┌────────

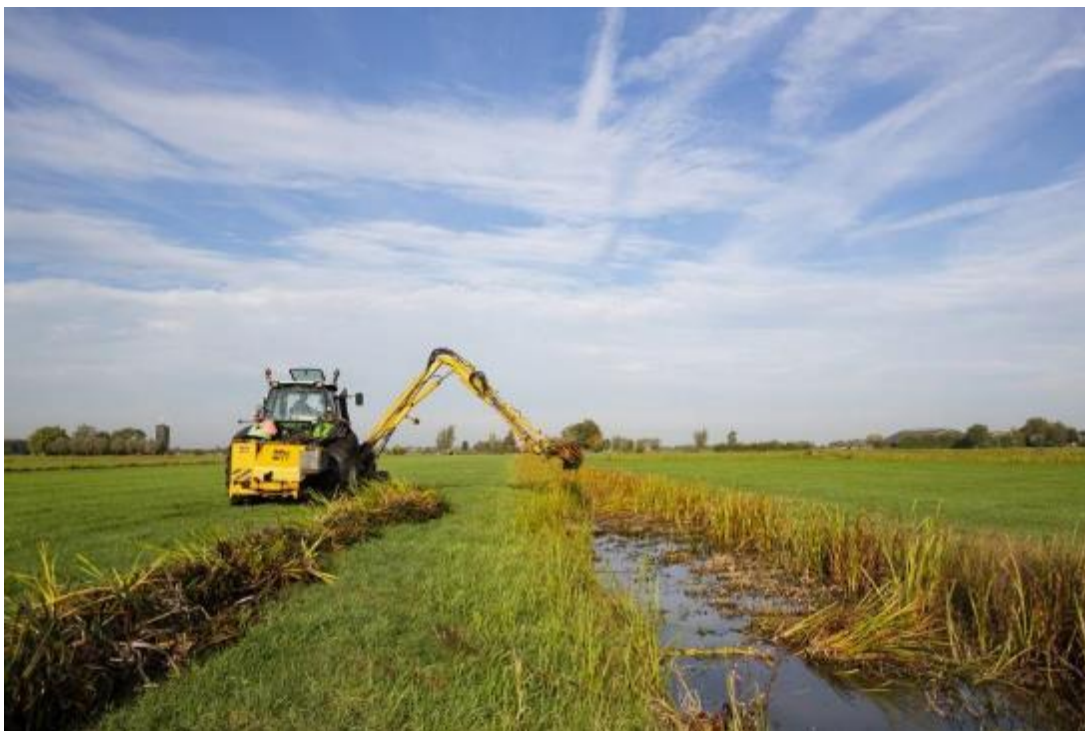
Ecologisch slootschonen

Baggerspuiten is bedoeld om delen van de sloot op diepte te houden. In dit beheerpakket moet dat met de baggerpomp, niet met de maaikorf, omdat dan de bodemvegetatie te veel beschadigd wordt.
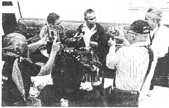
ลับ วาปี รั้งบุดจ้ง

ชั้นศาล จึงมองว่าเป็นการหลีกเลี่ยงการซักค้านของอัยการ
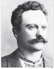
Іван ФРАНКО (1856–1916)

Видатний поет, прозаїк, драматург, літературний критик, публіцист, перекладач, науковець, громадський і політичний діяч. Доктор філософії (1893), доктор габілітований (1895), дійсний член Наукового товариства імені Т. Шевченка (1899), почесний доктор Харківського університету (1906). Член Всеукраїнського Товариства «Просвіта». Народився 1856 року в селі Нагуєвичі Дрогобицького повіту. 1875 року закінчив Дрогобицьку гімназію імені Франца-Йосифа. У 1870–1880-х провадив активну журналістську та публіцистичну діяльність. Знаком визнання помітної ролі Франка в національно-культурному відродженні стало урочисте відзначення 25-літнього (1898) та 40-літнього (1913) ювілеїв його творчої діяльності.
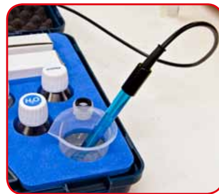
Campione in misura alloggiato nella valigia per evitare accidentali ribaltamenti
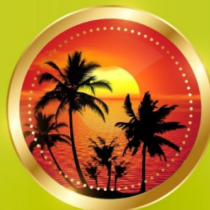
SUMMER มิถุนายน-สิงหาคม
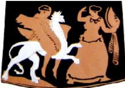
Рис. 2. Дионис-Аполлон преследующий верхом на грифоне менаду. Роспись пелики IV в. до н.э. Эрмитаж.
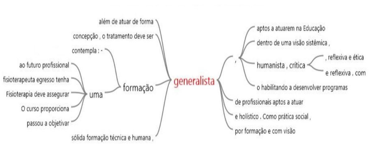
Figura 6: Árvore de palavras com o uso do termo Generalista

O uso do software NVivo 10 nos permitiu identificar os trechos dos PPC relacionados aos termos generalista, crítico, reflexivo e humanista. A Figura 6 expressa o gráfico em árvore relacionado à utilização do termo generalista nos documentos analisados.

└────────

TASK GOAL: Using the material, show each line where the string "Figura" can be found.

EXERCISE RESPONSE:
Figura 6: Árvore de palavras com o uso do termo Generalista
O uso do software NVivo 10 nos permitiu identificar os trechos dos PPC relacionados aos termos generalista, crítico, reflexivo e humanista. A Figura 6 expressa o gráfico em árvore relacionado à utilização do termo generalista nos documentos analisados.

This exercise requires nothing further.